Velanganni, which I used to spell correctly but now spell as it sounds, is a tsunami-struck town in the district of Nagapattinam. It's known for its famous Roman Catholic church and community. Chennai (formerly Madras) and all the towns I've been in since are in the coastal state of Tamil Nadu, which I'll rave about separately.
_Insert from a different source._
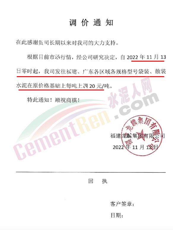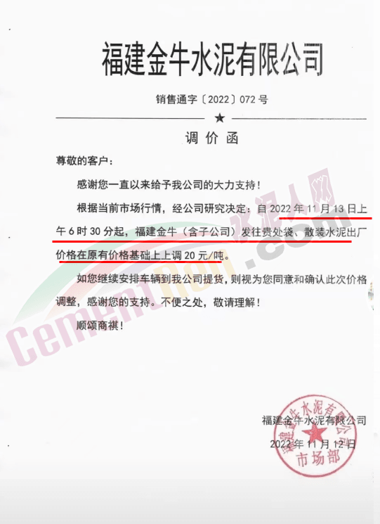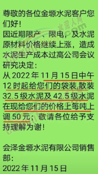 會澤金塬水泥有限公司銷售部通知,因近期限產(chǎn)、限電,及水泥原材料價格繼續(xù)上漲,造成水泥生產(chǎn)成本過高公司會議研究決定從2022年11月15日中午12時起給您們的袋裝,散裝32.5級水泥及42.5級水泥價格上調50元/噸。

In Pondicherry I asked a local, a fairly spiritual Hindu, what he thought of Ganesha. "He's good fun," he said, and hastened to add, "I don't think he's a GOD". The latter is not a popular sentiment.

Ganesh Chathurtri





Apologies if I butchered the spelling of this very popular 2 or 3 day (depending on who you ask) festival starting on Ganesh's birthday, September 7. His name is pronounced "Ganesha" here so I'm not sure why the dropped a in most spellings. Everyone loves the mighty Ganesha, who represents wisdom and wealth and is sometimes depicted as an older elephant, and sometimes as a baby elephant with candy in his hand. Celebrators buy a little Ganesh--the most common ones are brightly painted plaster--and set up a puja offering to him (that first image is Venkatesh's puja offering), do puja (prayer) in the a.m., cook special delicious "festival food" all day and receive guests....then in the evening have a second puja and take the Ganesh to a water tank or water body to throw him in. This symbolizes, as someone put it to me, making a "new" god--giving rebirth to him--and at the same time creating for one's self a new self. (This has caused some environmental damage because the materials used to paint most Ganeshas are chemical.) Some people pay others to throw in their Ganesh.

Several days later, in the French province of Pondicherry, we watched a group of boys who had collected Ganeshas from houses cart them to the ocean for throwing. Figure 2. In Figure 3, you see them throwing the Ganeshas enthusiastically in.

People who have lost a family member that year celebrate no festivals for the whole year.